Metingie — he of the Yebekolo tribe, he who has never eaten man — goes with me. The Yebekolo, he tells me, are not permitted to wrestle; neither the government nor their headmen permit it, because they are too quarrelsome. They could not wrestle without bloodshed, Metingie tells me complacently. And he tells me of a young man who was to-day challenged by his brother-in-law, and refused the challenge. ‘In that he did well,’ says the sage Metingie; and then is still. When he is still and I am still, there is only the sound of the drums to be heard; and when these are presently still, how still it is on the trail in that forest! All the innumerable music of the ground is still and waits on the dusk. And the dancedrums that will trouble the night are still — the very swamps through which we pass are still. And in that stillness it is cool. Somewhere beyond our range the sun is going down the path to the sea, the twelve-hour tyranny is at its ebb. Metingie carries my helmet. That young man who has never eaten man is kind to me; he does not murder the heavenly stillness. I am ‘flee.’
In the village of Mbita we meet our twenty men with their forty spears; they are singing and dancing; all their spears are level. A woman cries out from the centre of this group. They are all terribly happy, but not the woman. They tell me how she ran away with a Bulu, and that her Bene husband, going after her to the Bulu bush, was there imprisoned, but has been this very day rescued by the powerful Bene. And the powerful Bene rush away down the road, joyous after an ancient fashion.
Metingie and I drift out of the pool of Mbita’s clearing into t he stream of the trail. We are again still.
I remember that stillness. Many a time, when I am in the subway, I remember the ineffable stillness of the forest.
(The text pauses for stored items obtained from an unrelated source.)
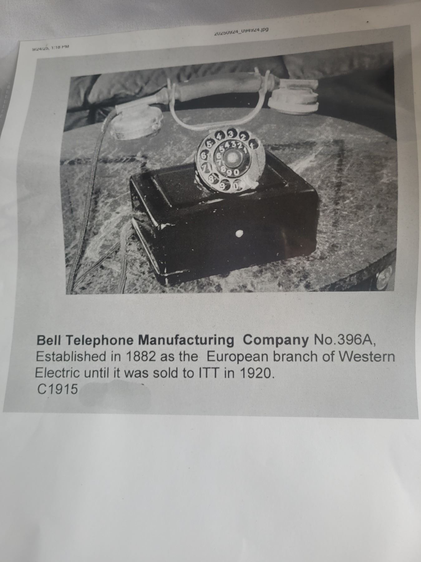 No. 396A European branch of Western Electric until it was solt to ITT 1920. Phone c1915. Pickup at 9 am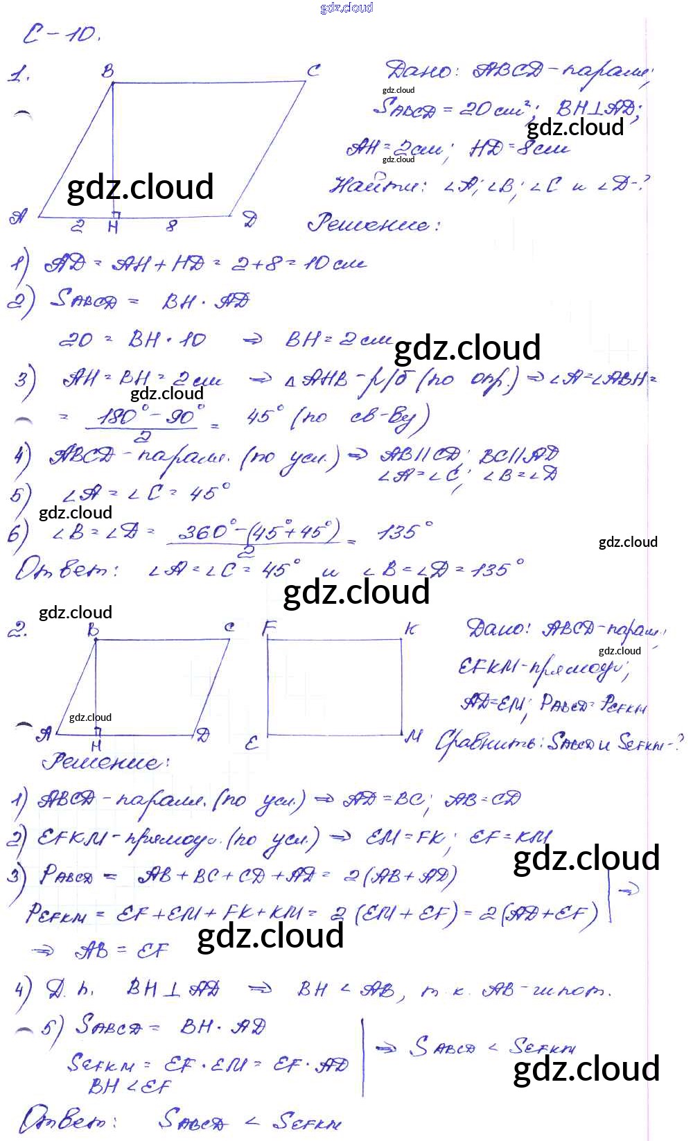 СР №10. Площадь параллелограмма Ответы к Самостоятельным работам по Геометрии 8 класс Дидактические материалы Зив Просвещение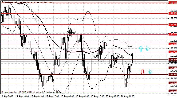Я рекомендую открывать длинные позиции после пробоя по итогам часа сопротивления на уровне 155.72, с целью повышения к к сопротивлению на уровне 156.19 и в случае его пробоя по итогам часа к 156.73. Стоплосс при данной стратегии можно разместить на уровене 155.12.
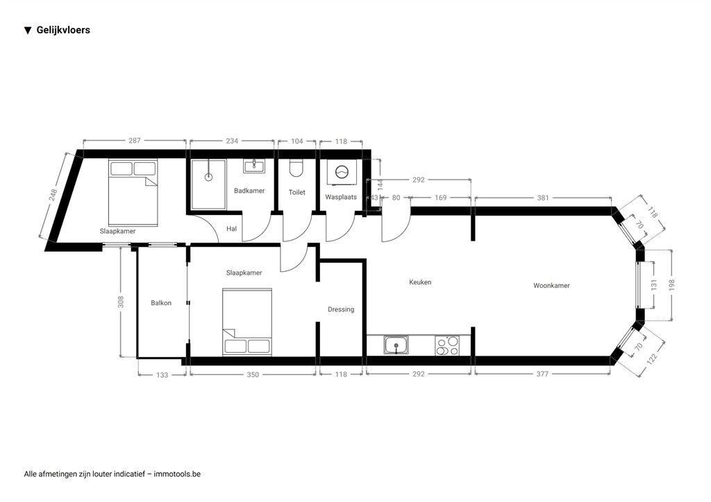 Grote leefruimtes met een open keuken en telkens twee slaapkamers,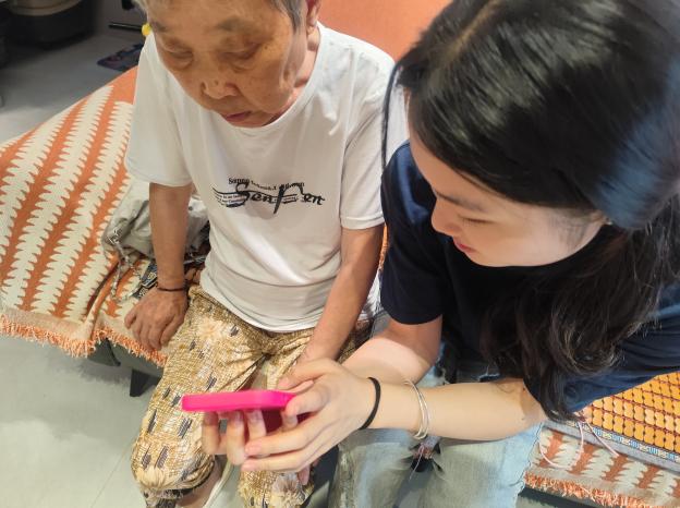 在这个数字化的时代,智能手机已成为人们生活中不可或缺的一部分。然而,对于许多老年人来说,智能手机却是一个陌生而复杂的“数字鸿沟”。为帮助老人们更好地融入数字生活,实践队决定从身边的老年人做起——无论是自家亲戚、相熟的街坊,还是社区里的长辈,都成了他们的教学对象,教学地点也不拘一处,社区活动室、老人的家中、街边的小广场……随处都能开展教学。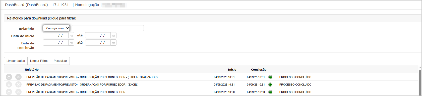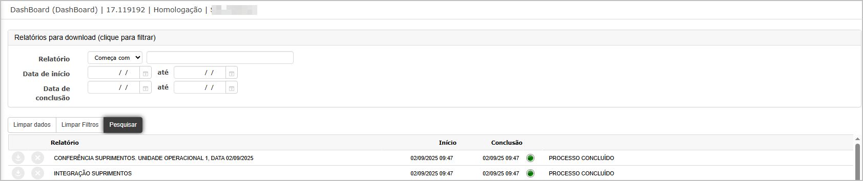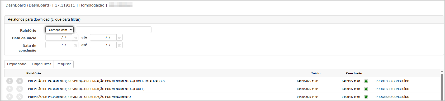 O sistema irá direcionar para o dashboard, onde será possível fazer o download do relatório.

I wonder to find myself where I am — so savagely circumstanced — so pressed upon by alien bodies — so smitten by noise. Traveling like this, in white man’s fashion, you are certainly safe from the snakes and the leopards and the cannibal tribes of that other world where you traveled in other fashions. Now that you are shut up so safely in the guts of Manhattan, your friends feel at case about you — surely the sun shall not smite you by day nor the moon by night.
And yet, perversely, in this perfection of safety, you are intimidated. Suddenly passive after your desperate adventures with traffic, you feel the hidden things of memory rise and flood your heart; you dream. You remember other times of day than the manufactured night of the subway, and other ways of travel. And suddenly, in the indestructible silence that is the core of that incessant clamor, you hear a bugle calling in a forest-clearing that, is halfway round the world.